Tenn. R. App. P. 3 Appeal as of Right; Judgment of the Circuit Court Affirmed and
Remanded
TIMOTHY L. EASTER, J., delivered the opinion of the court, in which ROBERT W.
WEDEMEYER and ROBERT H. MONTGOMERY, JR., JJ., joined.
Bryce W. McKenzie, Sevierville, Tennessee, for the appellant, Alfred R. Mason.
Herbert H. Slatery III, Attorney General and Reporter; Courtney N. Orr, Assistant
Attorney General; Jimmy Dunn, District Attorney General; and Ron Newcomb, Assistant
District Attorney General, for the appellee, State of Tennessee.
OPINION
In case number 22714, Defendant was charged by the Sevier County Grand Jury
by presentment with the following: (1) Count One, sale of buprenorphine; (2) Count
Two, delivery of buprenorphine; (3) Count Three, conspiracy to sell or deliver
buprenorphine; (4) Count Four, sale of a counterfeit controlled substance; and (5) Count
Five, sale of a counterfeit controlled substance.1 In case number 23363, Defendant was
charged via presentment with one count of introducing contraband into a penal facility.
On November 13, 2018, Defendant entered guilty pleas in case number 22714 to
one count of sale of a Schedule III controlled substance and one count of conspiracy to
sell or deliver a Schedule II controlled substance. In case number 23363, Defendant pled
guilty to introduction of a Schedule III drug into a penal facility. The negotiated plea
agreement specified that Defendant was sentenced to four years for the sale of a Schedule
III controlled substance in Count One and two years for conspiracy in Count Three. In
Counts Two, Four, and Five, a nolle prosequi was entered. The sentences in case number
22714 were ordered to be served concurrently. In case number 23363, Defendant was
sentenced to four years for introduction of contraband into a penal facility. The trial
court ordered the sentence in case number 22363 to be served consecutively to the
sentences in case number 22714, for a total effective sentence of eight years.
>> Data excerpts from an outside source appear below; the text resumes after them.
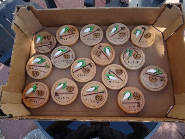 ja , der große Schnitzkünstler bin ich nicht so , damit habe ich auch recht spät mit dem Hobby angefangen und nachdem ich jahrelang mit der Elektrotechnik und anderen speziellen Aufgaben unterwegs war - also abends auch nicht zuhause - da gab es dann auch nicht die Möglichkeiten dazu . Inzwischen freut es mich aber , daß meine kleinen Kunstwerke - Bierkrugdeckel / Spazierstöcke und sonstiges - bereits in vielen Ländern gut angekommen sind .
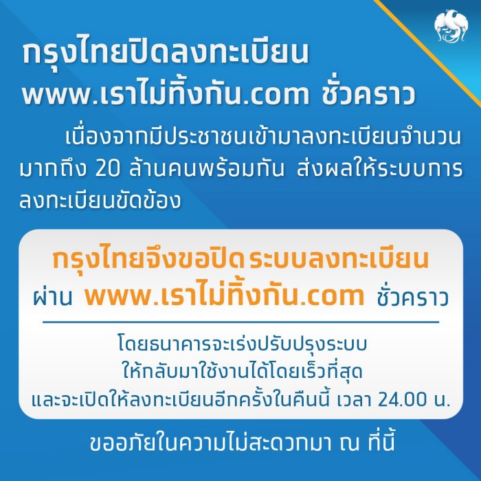นายผยง ศรีวณิช กรรมการผู้จัดการใหญ่ ธนาคารกรุงไทย เปิดเผยว่า ก่อนเปิดระบบมีประชาชนรอลงทะเบียนกว่า 2 ล้านคน หลังจากเปิดระบบใน 2 นาทีแรกมีประชาชนเข้ามาลงทะเบียนจำนวนมากถึง 20 ล้านคน ส่งผลให้ระบบการลงทะเบียนขัดข้องไม่สามารถใช้งานได้ ดังนั้นธนาคารกรุงไทยจึงขอปิดระบบลงทะเบียน ผ่านเว็บไซต์ www.เราไม่ทิ้งกัน.com เป็นการชั่วคราว โดยธนาคารจะเร่งปรับปรุงระบบและจะเปิดให้ลงทะเบียนในคืนนี้ ตั้งแต่เวลา 24.00 น. เป็นต้นไป
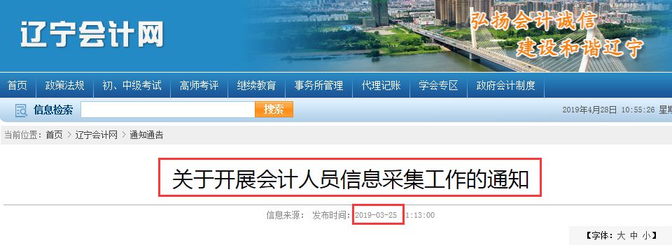 辽宁会计网于2019年3月底发布会计人员信息采集通知,表示当地信息采集自4月15日起,6月15日止。6月30日会将全部信息上报财政部。
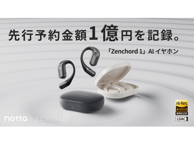 Notta株式会社(本社:東京都千代田区、代表取締役:Ryan Zhang)は、AI文字起こし技術を活用したスマートAIイヤホン『Zenchord 1(ゼンコード・ワン)』が、応援購入サービス「Makuake」での先行公開において、この度、応援購入額1億円を突破したことをお知らせいたします。プロフェッショナル音響ブランドZenchordとの共同開発による本製品は、2025年5月15日(木)よりMakuakeにて先行公開されており、わずかな期間で多くのユーザー様からご支持をいただき、圧倒的な達成を記録しました。

The trial
court ordered the sentences to be served on community corrections.
A short 72 days later, on January 24 2019, a violation of community corrections
warrant was issued against Defendant, alleging that Defendant violated the terms of his
community corrections sentence by: (1) failing to report for intake; (2) failing to provide
verification that he has completed an alcohol and drug assessment; (3) failing to provide
verification that he has completed the neonatal abstinence syndrome class; (4) failing to
make himself available for drug screens; and (5) failing to make payments toward
financial obligations.
The trial court held a hearing on the violation at which Defendant plead guilty to
the violation of community corrections. There was no agreement about Defendant’s
sentence as part of the plea agreement. At the hearing, the State noted that Defendant
1
In the first part of the presentment for Count III, conspiracy to sell or deliver, the presentment
alleged that Defendant sold or delivered “Schedule II Methamphetamine.” However, the presentment
goes on to detail the acts in furtherance of the conspiracy to sell or deliver “Schedule III Buprenorphine.”
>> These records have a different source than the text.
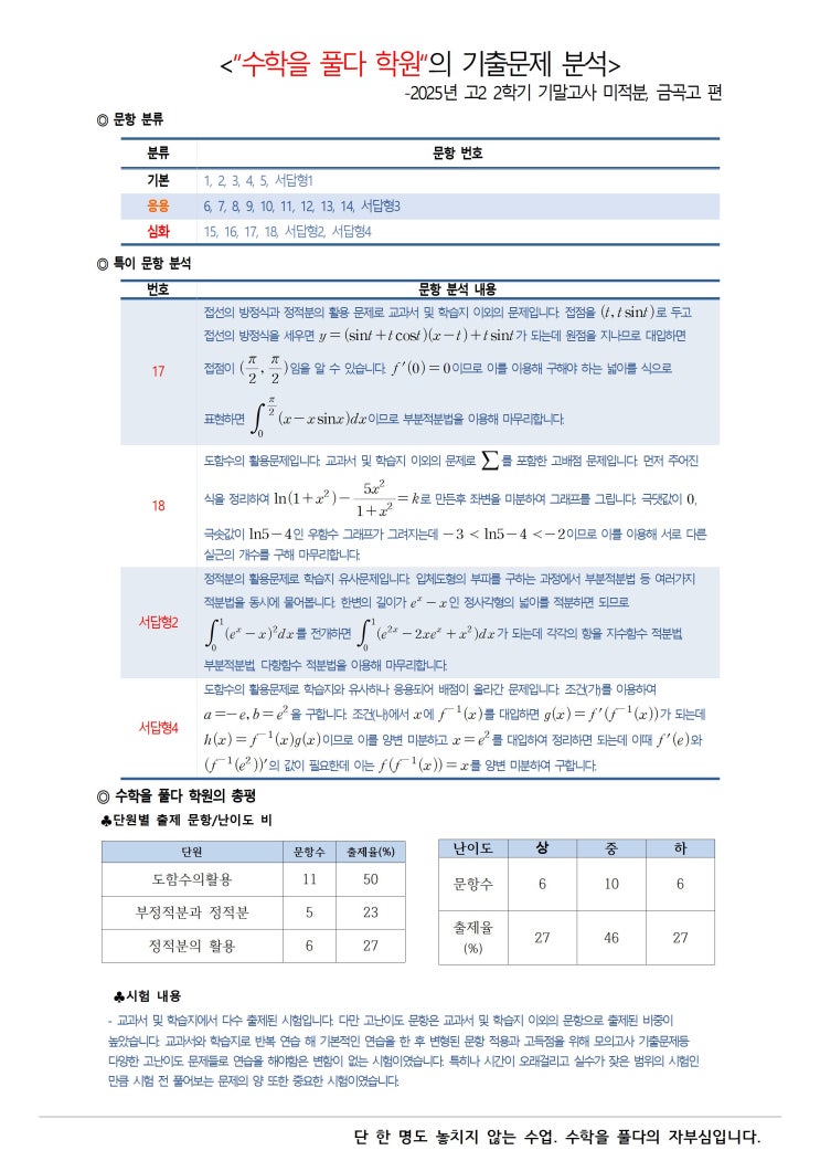 -2025년 고2 2학기 기말고사 미적분, 금곡고 편
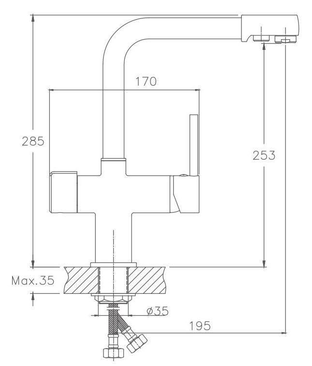 Смеситель для кухни бренда Haiba.Изготовлен из латуни.Картридж 35 мм.Укомплектован аэратором.Гибкая подводка 40 см. С поворотным изливом
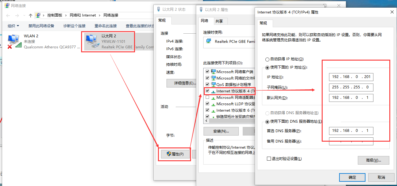 3、給電腦設置靜態(tài)Ip,設置成301默認目標Ip:192.168.0.201 。
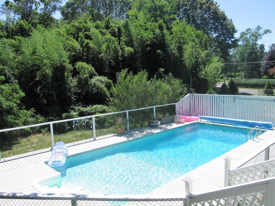 Enjoy the summer in this very well priced summer rental with pool, dock and association beach. This 3 bedroom 2 full bath home is simply furnished and ready for entertaining on the large secluded deck and pool. If the beach is what you desire, the association beach is only a quick jaunt away. If boating is what you desire, this rental also comes with a floating dock in the protected harbor with a 10 minute boat ride to Sag Harbor.
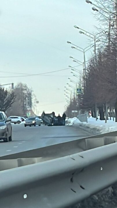 На фото, которое сделал очевидец, видно, что автомобиль завалился на крышу. Второго участника аварии рядом не видно.
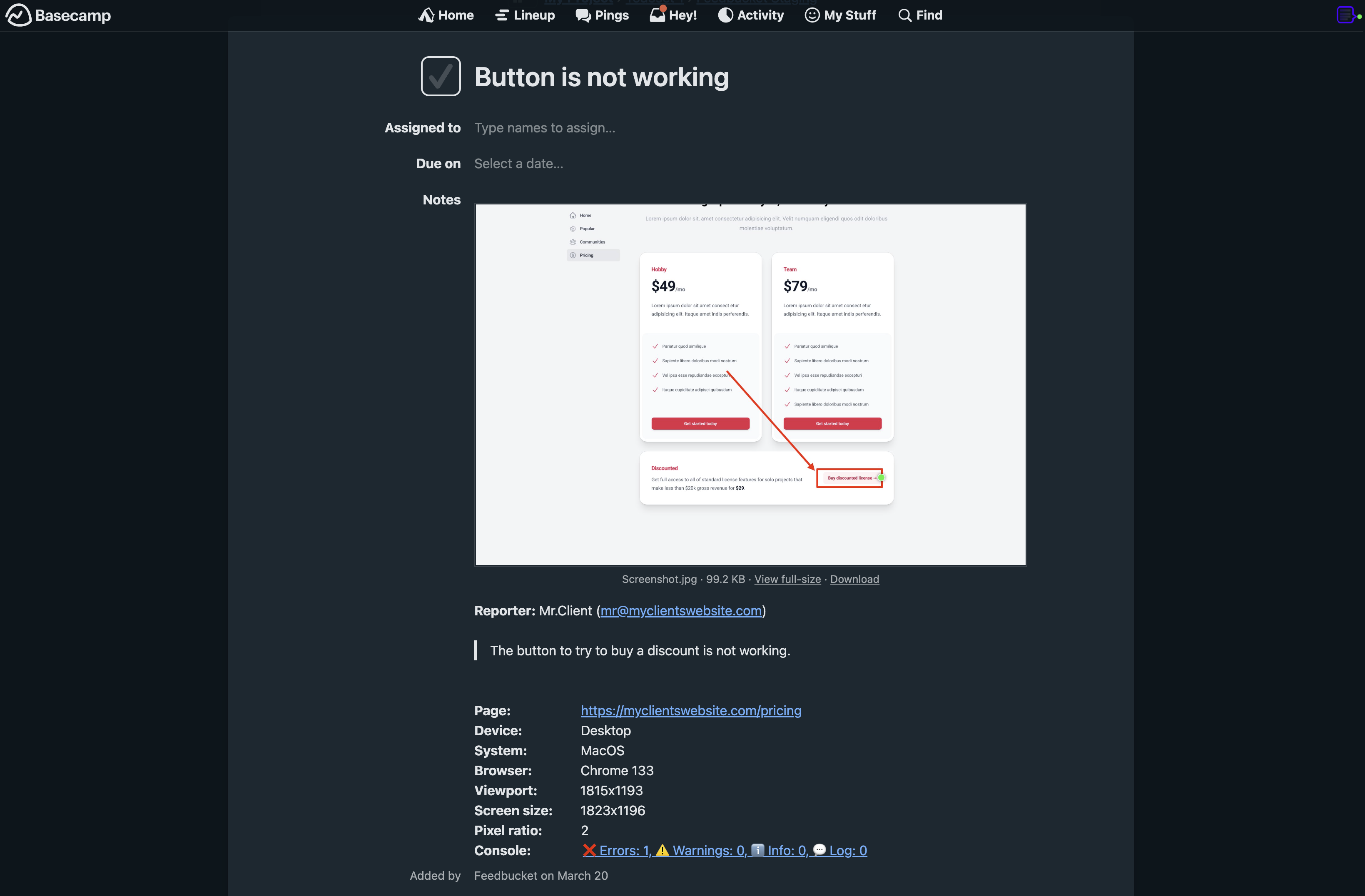 Get all the information that's needed to start working on the issue directly in Basecamp. Technical information and screenshot are automatically added by Feedbucket to your Basecamp to-do.
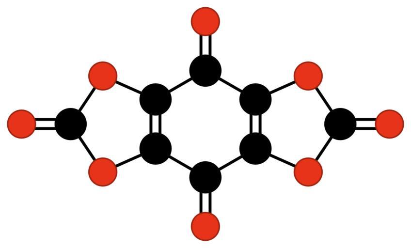 Keywords: Chemfm tetrahydroxy 1 4 benzoquinone biscarbonate.svg Molecular diagram of tetrahydroxy-1 4-benzoquinone biscarbonate For the oxocarbon Wikipedia article Own 2009-07-14 Jorge Stolfi Carbon oxides Quinones Organocarbonates
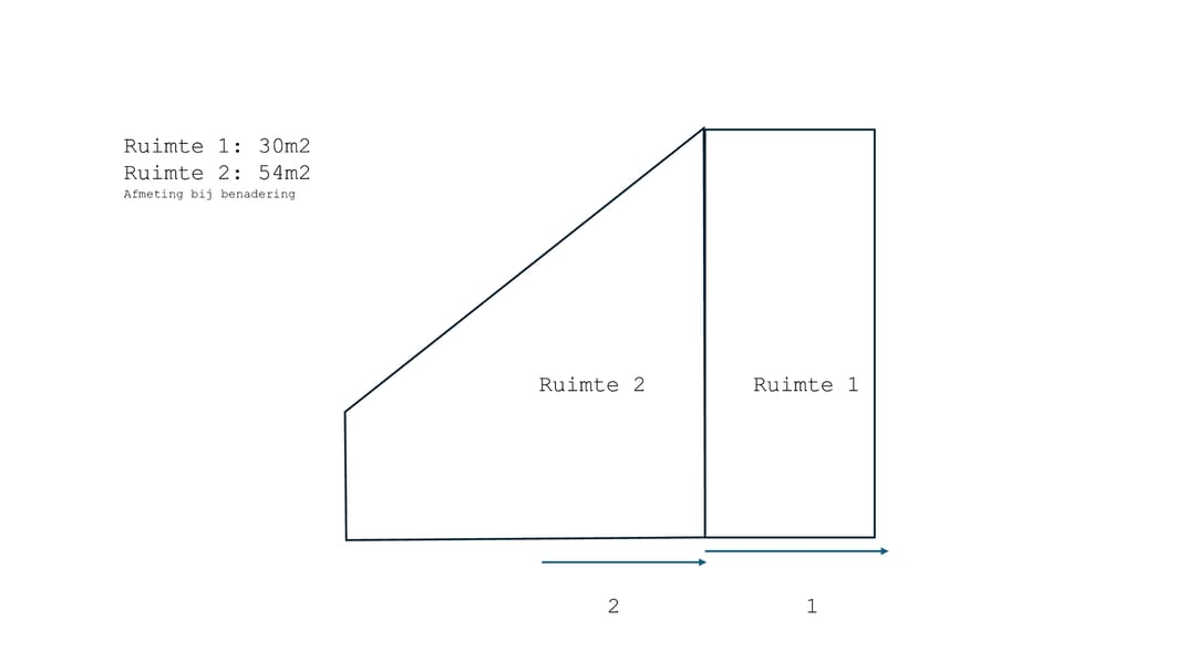 De totale oppervlakte bedraagt ca. 84 m², verdeeld over twee afzonderlijke ruimtes:

The “waiver of jury trial and guilty plea” included in the record indicated that the parties understood
Defendant was charged in this count with conspiracy to sell or delivery buprenorphine. The judgment
form disposing of Count III indicates that Defendant was convicted of conspiracy to sell and/or delivery
“narcotics,” without specifying a classification of controlled substance, and classifies the offense as a
Class E felony. Conspiracy to sell or deliver a Schedule III substance is punishable as a Class E felony.
See T.C.A. §§ 39-17-417(d)(1) (setting forth punishment for sale or delivery of a Schedule III controlled
substance as a Class D felony); 39-12-107(c) (explaining that conspiracy is punished one classification
level lower than the offense that is the subject of the conspiracy) .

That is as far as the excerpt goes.